There isn’t a unique recipe for promoting openSUSE that works in each country. Only by listening to the local communities can we improve and grow.
What I would also love to do is to interact much more with other projects that are probably encountering the very same questions. The knowledge sharing is one of the key elements of the open source movement, and we should start to listen to other voices that could come also from outside the openSUSE Project, listening to what is going on around us.
The mix and share of needs and ideas can foster openSUSE much more.
Last, but not least, we need to invest more time in the educational sector.
While interacting with the local communities, we could have the opportunity to organize more activities, for example, with universities, high schools or secondary schools for creating a large user base of Contributors.
I will be glad and honoured to serve the Community as Board Member, sharing what I learned and I’m learning while supporting other communities like Fedora or LibreOffice
Have a lot of fun!
What impact would you like to make as a member of the openSUSE Board?
For the past eight years, already, I have been involved in the LibreOffice community, as well as the local Italian community called LibreItalia, and for the past three years also The Document Foundation’s Board.

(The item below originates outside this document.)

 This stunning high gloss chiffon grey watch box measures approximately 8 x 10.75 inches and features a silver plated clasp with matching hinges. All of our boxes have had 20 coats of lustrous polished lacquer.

I had the opportunity to see these groups grow, develop over time, become mature, and seeing easier and harder times, during which we’ve grown closer together.
I want to bring in this experience into the openSUSE Community, help us to grow, work together jointly and at the same time keep the true Community spirit alive.

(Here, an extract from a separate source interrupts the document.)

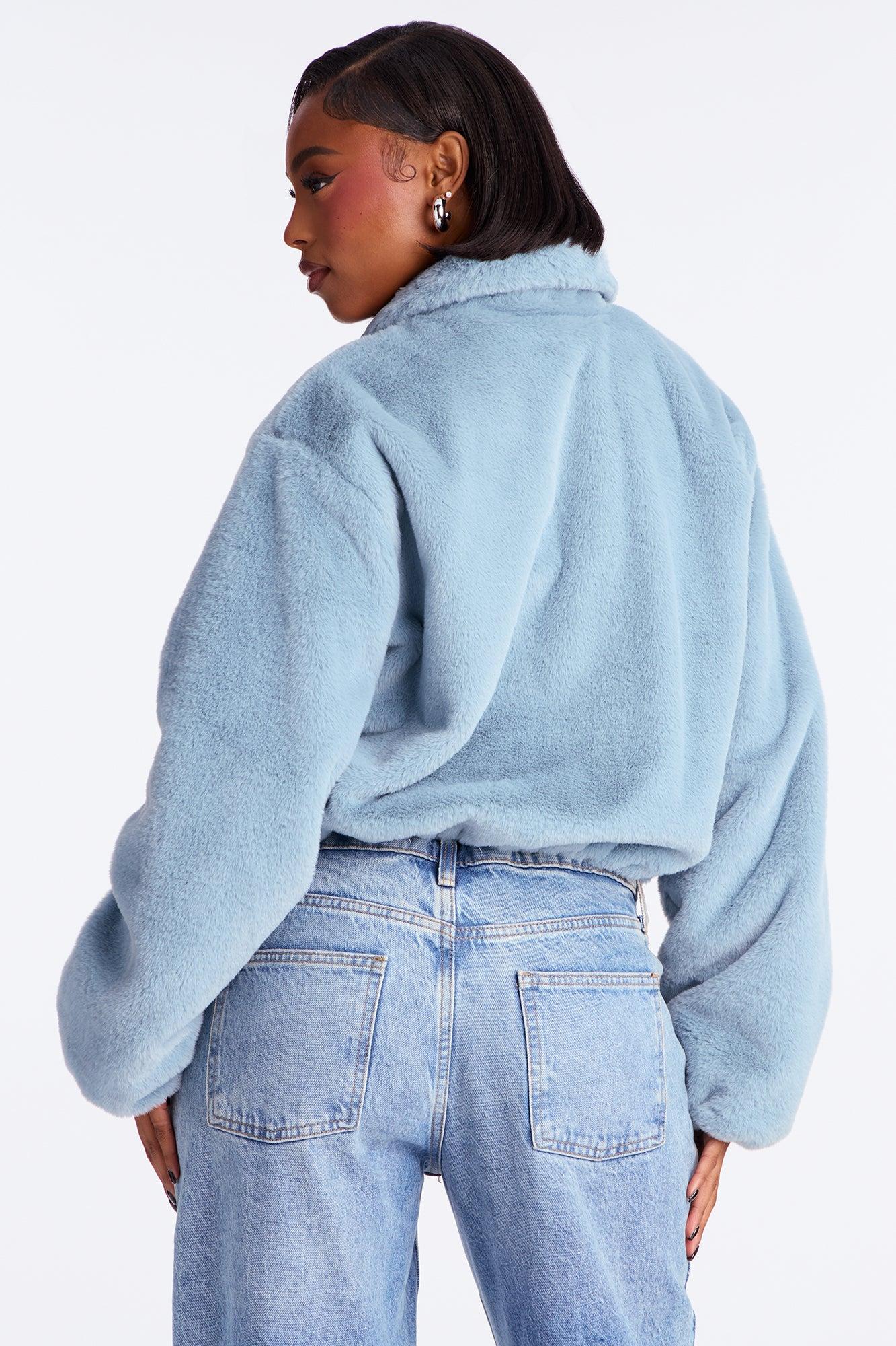 By My Side Faux Fur Bomber Jacket - Slate Blue Female

Why should openSUSE members vote for you?
I am proud and honoured to run for election and serve the Project that has given me so much for many years, already. If the openSUSE Members vote for me, I will bring in all my experience and do all my best to support the Community. With my background from LibreOffice and The Document Foundation, I know the duties and responsibilities of such a role, and I am willing to give my best to keep openSUSE an open, inclusive, welcoming, amazing and – most important – fun Community.
What’s one thing people would find interesting about you that is not well known?
Life is too short to have only one passion ,and there’s so much more than just a computer, so, besides my activities in free and open source software, I’m a mad goalkeeper and I love using my telescope to look up to the stars (which is where my nickname originates from).
I’m also a music addict: When I’m not listening to the amazing, soul comforting Van Morrison, I play the accordion myself, a hobby which I started at the age of 8.